→ **What to produce**:
Only one span of the material below is wanted. Output it exactly, from the line with "background, Uzhhorod, Ukraine" through the line with "съм да съобщя", without any pictures.

BEGIN Given information

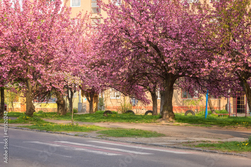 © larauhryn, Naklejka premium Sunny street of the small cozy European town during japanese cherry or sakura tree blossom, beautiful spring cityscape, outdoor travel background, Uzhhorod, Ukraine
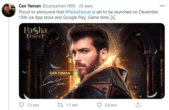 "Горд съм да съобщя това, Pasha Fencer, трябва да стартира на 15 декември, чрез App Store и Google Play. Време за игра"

END Given information
BEGIN Given information

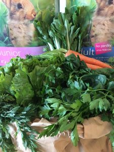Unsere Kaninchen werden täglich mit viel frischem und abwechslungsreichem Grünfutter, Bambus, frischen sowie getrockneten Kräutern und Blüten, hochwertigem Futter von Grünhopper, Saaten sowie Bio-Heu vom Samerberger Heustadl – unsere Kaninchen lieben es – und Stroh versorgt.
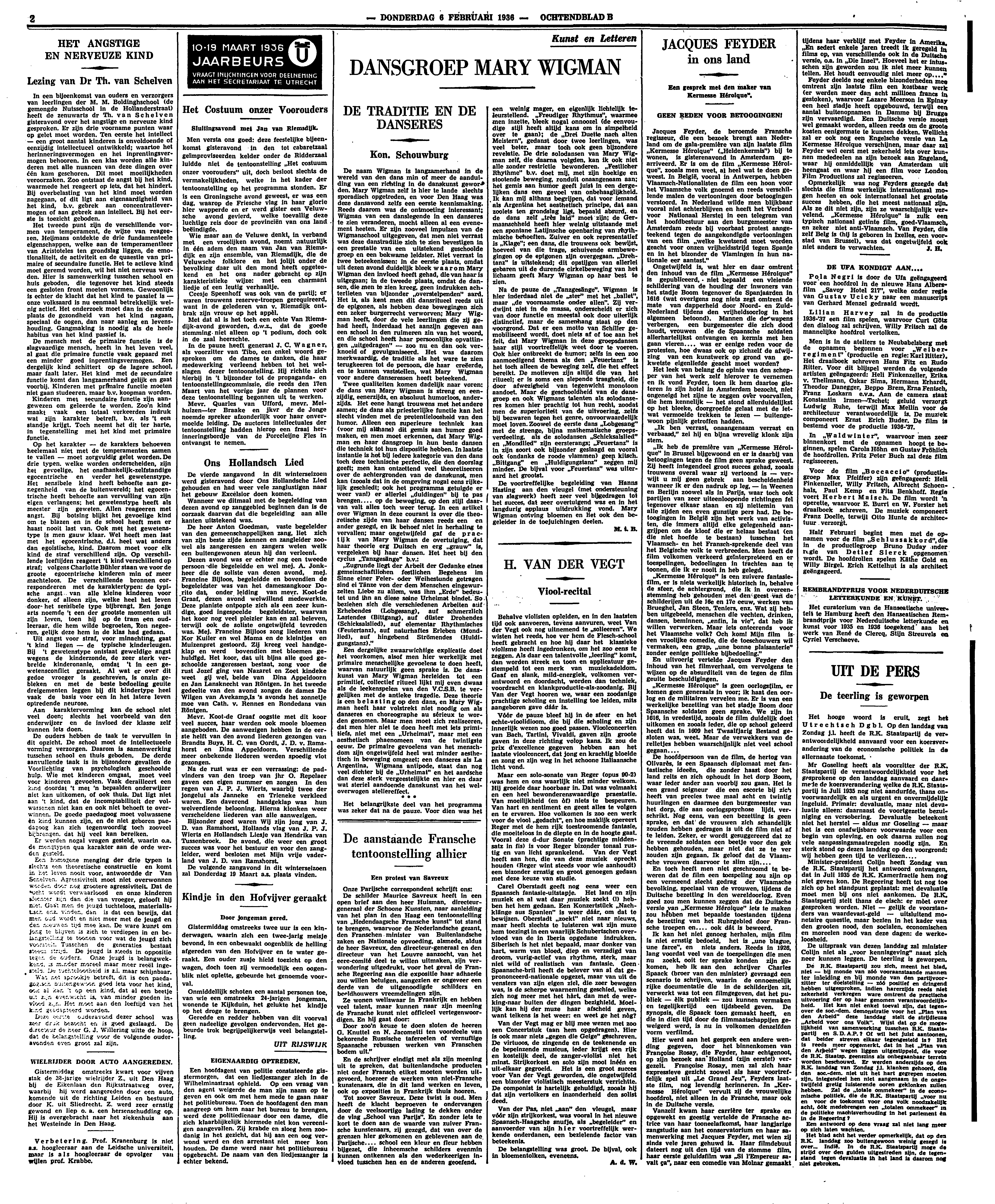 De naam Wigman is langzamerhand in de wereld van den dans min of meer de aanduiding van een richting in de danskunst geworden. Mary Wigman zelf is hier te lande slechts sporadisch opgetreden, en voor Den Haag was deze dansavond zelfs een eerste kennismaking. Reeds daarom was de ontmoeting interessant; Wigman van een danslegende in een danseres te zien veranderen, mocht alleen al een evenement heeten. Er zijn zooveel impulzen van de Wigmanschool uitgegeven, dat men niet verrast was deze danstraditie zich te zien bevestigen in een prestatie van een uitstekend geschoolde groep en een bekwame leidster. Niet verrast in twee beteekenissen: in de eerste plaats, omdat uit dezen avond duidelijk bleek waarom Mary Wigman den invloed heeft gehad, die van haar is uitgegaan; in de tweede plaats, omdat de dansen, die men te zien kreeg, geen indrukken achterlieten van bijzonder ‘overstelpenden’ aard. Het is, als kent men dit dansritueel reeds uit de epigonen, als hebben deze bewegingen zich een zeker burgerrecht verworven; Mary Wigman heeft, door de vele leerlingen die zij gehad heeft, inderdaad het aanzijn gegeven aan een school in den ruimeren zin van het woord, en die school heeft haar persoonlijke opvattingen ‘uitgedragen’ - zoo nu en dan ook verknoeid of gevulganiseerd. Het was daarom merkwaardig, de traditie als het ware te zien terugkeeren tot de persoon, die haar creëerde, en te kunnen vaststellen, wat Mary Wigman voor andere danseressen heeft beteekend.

END Given information

→ **Solution to the exercise**:
 © larauhryn, Naklejka premium Sunny street of the small cozy European town during japanese cherry or sakura tree blossom, beautiful spring cityscape, outdoor travel background, Uzhhorod, Ukraine
 "Горд съм да съобщя това, Pasha Fencer, трябва да стартира на 15 декември, чрез App Store и Google Play. Време за игра"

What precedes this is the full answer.